I believe I have some intuition about why this is the case; i.e. if $t$ and $x$ are very close, ($|t - x| = \epsilon$), then $\sqrt{\epsilon}$ will converge to 0, so $|f(t) - f(x)|$ will also converge to zero if you keep taking $t$ and $x$ closer and closer to each other. However, how do I formalize this argument? Thanks.

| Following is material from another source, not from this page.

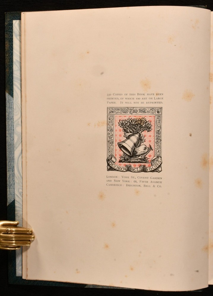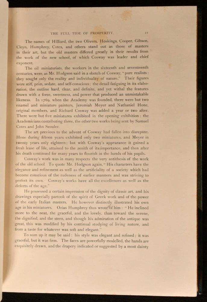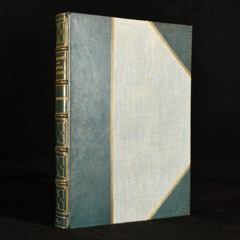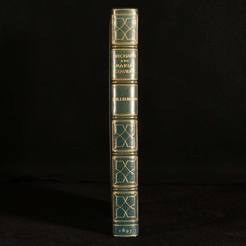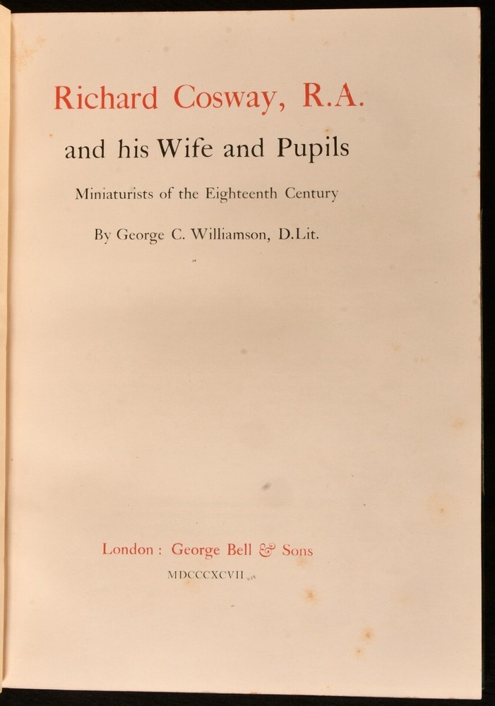 Click here to see our other books! Richard Cosway R. A. and His Wife and Pupils, Miniaturists of the Eighteenth Century George C. Williamson 1897 George Bell & Sons : London 11.5" by 8.5" xii, [2], 170pp SUMMARY A lovely limited edition of this biography and study of Richard Cosway and eighteenth century miniaturists in Hatchards signed leather binding. First Edition,Illustrated,Leather Binding,Limited Edition,Signed Binding,Uncommon Overall Condition: Very Good Indeed This book weighs 2 KG when packed UK Postage: £ 3.99 US Postage: £ 29.99 EU Postage : £ 21.99 European Postage: £ 23.99 Asia Postage: £ 37.99 Worldwide Postage: £ 38.99 DESCRIPTION Limited edition of Richard Cosway R. A. and His Wife and Pupils, Miniaturists of the Eighteenth Century by George C. Williamson in Hatchards signed half calf binding. The first limited edition of 350 copies printed, of which 100 are on large paper. It has not been reprinted. Densely illustrated with fifty three monochrome plates and a frontispiece and with many in text illustrations. Collated, complete. Richard Cosway was a well established portrait painter of the Regency era best known for his miniatures. CONDITION In Hatchards signed half calf binding and cloth binding. Externally, very smart. There is some slight rubbing to the extremities. Internally, firmly bound. The pages are bright and clean with some spotting throughout. Overall Condition: Very Good Indeed GLOSSARY OF TERMS Overall Condition (Dustwrapper condition rating is shown after that for the book itself, where a dustwrapper is present) Fine - Very well preserved copy showing very little wear Very Good Indeed - Only one or two minor faults, really a very attractive copy Very Good - Quite a wide term meaning no major faults but probably several smaller ones often expected given the age of the book, but still a respectable copy Good - Meaning not very good. Some more serious faults as will be described in the condition report under 'condition' Good Only - Meaning one or more faults that could really do with repair Fair - As with good only above but with other faults leaving a compromised copy even after repair Poor - Really bad and possibly seriously incomplete. We only sell books in this condition where their rarity or value makes them attractive none the less. Major defects will be described. GUARANTEE We offer a full money back guarantee on our descriptions. Please ask for details and conditions. We prefer PAYPAL. If you pay via PAYPAL we will post the item off the same or the next working day with the postage you have selected. Please note we cannot accept USD cheques

 A: For all $x,t\in \Bbb R$ such that $x\neq t$, the equivalence below holds:
$$|f(t) - f(x)| \leq |t - x|^2\iff \left\vert \dfrac{f(t)-f(x)}{t-x}\right\vert\leq |t-x|,$$
taking the limit as $t$ approaches $x$ yields
$$\lim \limits_{t\to x}\left(\left\vert \dfrac{f(t)-f(x)}{t-x}\right\vert\right)\leq \lim \limits_{t\to x}|t-x|=0.$$
This proves that $f$ is $\bbox[5px,border:2px solid #FFFFFF]{\_\_\_\_\_\_\_\_\_\_\_\_\_\_}$ and $\forall x\in \Bbb R(f'(x)=\bbox[5px,border:2px solid #FFFFFF]{\_})$, thus $f$ is $\bbox[5px,border:2px solid #FFFFFF]{\_\_\_\_\_\_\_\_\_\_\_}$.
A: From the given expression We Can Write $\lim_{t\to x}-|t-x|\le \lim_{t\to x}{f(t) - f(x)\over t-x} \leq \lim_{t\to x} |t - x|$, now can you conclude $f'(x)=0\forall x$?
A: Alternative (but of course similar) idea:
The assumption is that $g(a,b):=\left|\frac{f(a)-f(b)}{(a-b)^2}\right|$, $a\ne b$, is bounded, indeed by $1$. Now show that, given $a$, $b$, $a\ne0$ and setting $c:=\frac{a+b}2$, you have
$g(a,c)\ge2g(a,b)$ or $g(b,c)\ge2g(a,b)$. Conclude that if there are $a$, $b$ with $f(a)\ne f(b)$, then $g$ is unbounded.
Sorry, no derivatives ;)